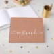 Un monogramme du nom d'un couple moderne et élégant et minimaliste dans le style serif vintage, contrasté avec une police manuscrite de script swash sur fond d'argile. Elégant livre d'invités de mariage pour jeunes mariés. Mélange de styles vintage et moderne.
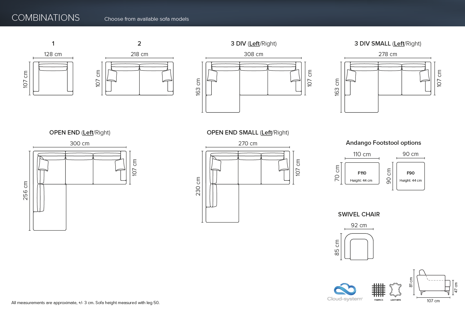 Andango kommer i olika enheter och finns i ett brett utbud av tyger och läder.
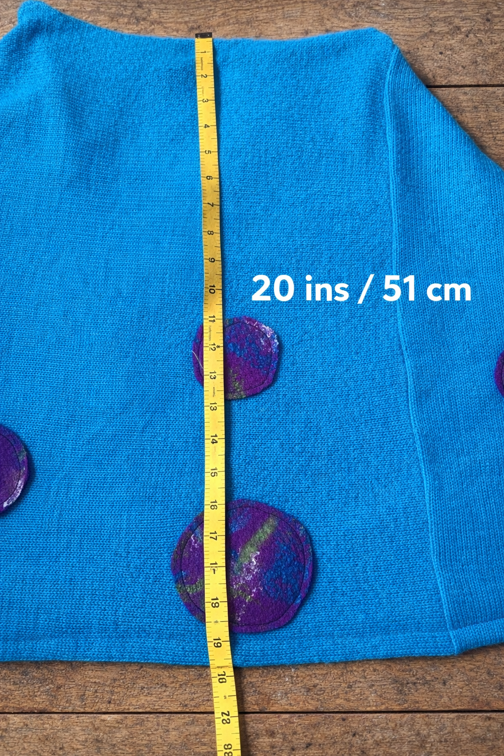 Turquoise Merino Wool Poncho-Hand Felted Detail-One of a kind
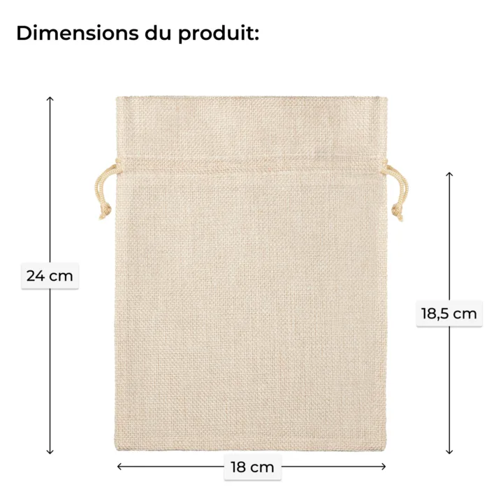 Ensemble de 5 pochettes de jute naturelle, dimensions: 18 cm x 24 cm.

▶ [Directions for this task]
A word-for-word transcription of the listing is needed, minus its images.

▶ [Expected answer]
 Un monogramme du nom d'un couple moderne et élégant et minimaliste dans le style serif vintage, contrasté avec une police manuscrite de script swash sur fond d'argile. Elégant livre d'invités de mariage pour jeunes mariés. Mélange de styles vintage et moderne.
 Andango kommer i olika enheter och finns i ett brett utbud av tyger och läder.
 Turquoise Merino Wool Poncho-Hand Felted Detail-One of a kind
 Ensemble de 5 pochettes de jute naturelle, dimensions: 18 cm x 24 cm.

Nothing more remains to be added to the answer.